The failed Ishikawa Bank extended a 5.7 billion yen loan in 2000 for a golf course assessed by the borrower as being worth 6.3 billion yen but by banking regulators as worth 100 million yen, sources said Monday.

On Sunday, police arrested Shigeru Takagi, 67, former president of Ishikawa Bank; Mutsumi Kawaguchi, 63, former senior managing director; and Michihiko Fujita, 42, former head of the bank's Tokyo office; on suspicion of breach of trust.

Police turned their cases over to prosecutors Monday, alleging the bank officers extended the loan to Tokyo ad agency National Enterprise for the golf course even though it did not have sufficient collateral.

Police plan to question Takagi and the others as well as executives at National Enterprise, including its chairman, Tomokazu Mishima, 66.

The second-tier regional bank based in Kanazawa went under in December 2001.

The sources said the bank decided to extend the loan based on the 6.3 billion yen assessment made by the National Enterprise-affiliated golf course operator, Country Club The First, in Kisarazu, Chiba Prefecture.

However, about a year after the bank provided the loan, the Financial Services Agency appraised the Chiba golf course at only 100 million yen, according to the sources.

National Enterprise, with earlier financing from Ishikawa Bank and other lenders, had the 18-hole golf course and clubhouse built on a 94-hectare site in March 1997, but the company was unable to pay all of the construction costs and needed to borrow more.

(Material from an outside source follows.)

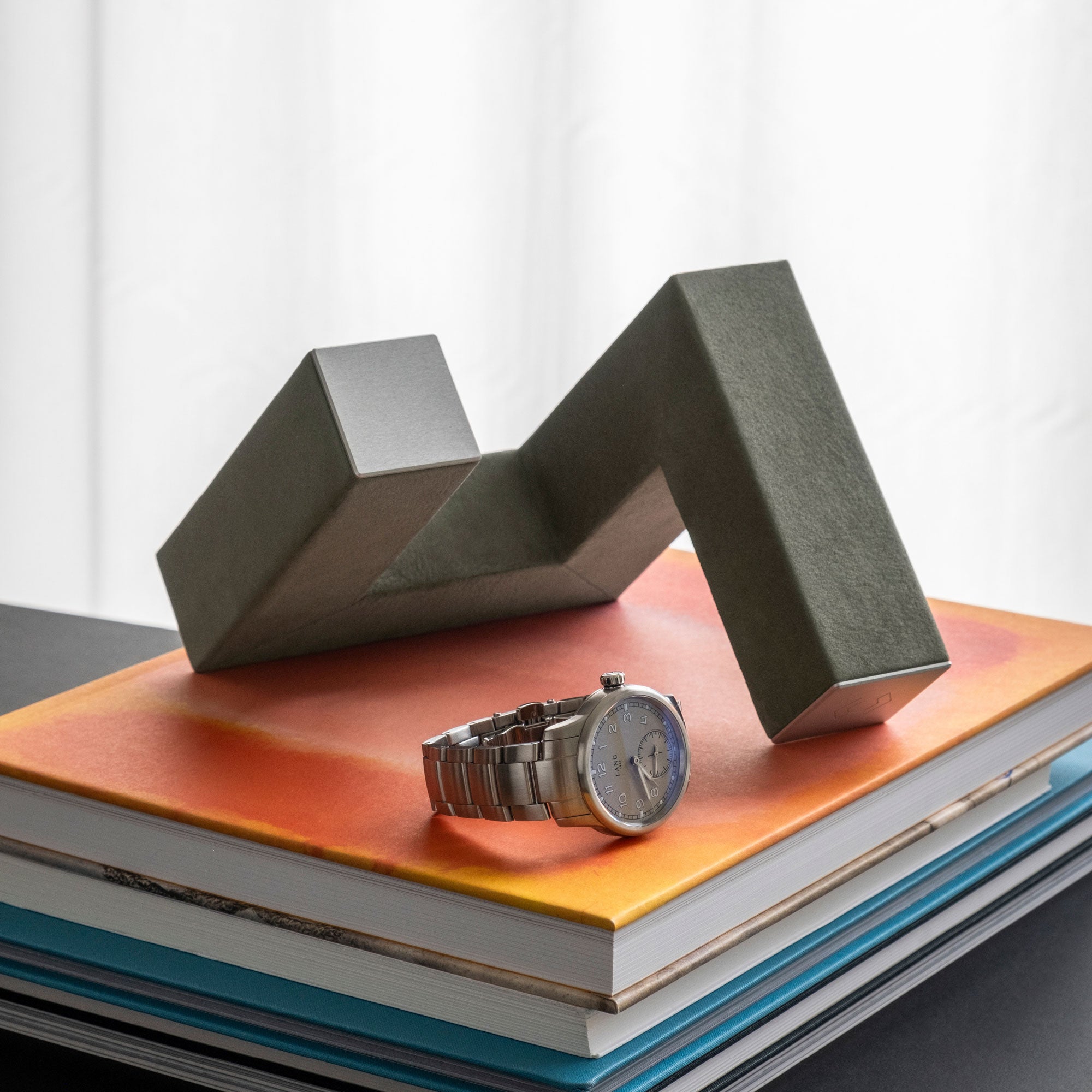 Customize your watch stand to perfectly complement your home and timepieces through our Personalization service. From bespoke nubuck leather colors, novel combinations with different shades of anodized aluminum and engravings on the aluminum plaque, there are endless ways to tailor this sculptural piece according to your personality and interior design style. A personalized watch stand will not only render your daily routine of putting on and taking off your watch extra special, it also is a statement piece that adds a touch of bespoke elegance to your home.

As of September 2000, when the alleged questionable loan was extended by Ishikawa Bank, the golf course had little collateral value.

The contractor, together with Ishikawa Bank and nonbank financial institutions, had already placed a mortgage exceeding 20 billion yen on the course and clubhouse.

In FSA inspections conducted in December 2001, the agency categorized loans made using the golf course as collateral as loans to a bankrupt company.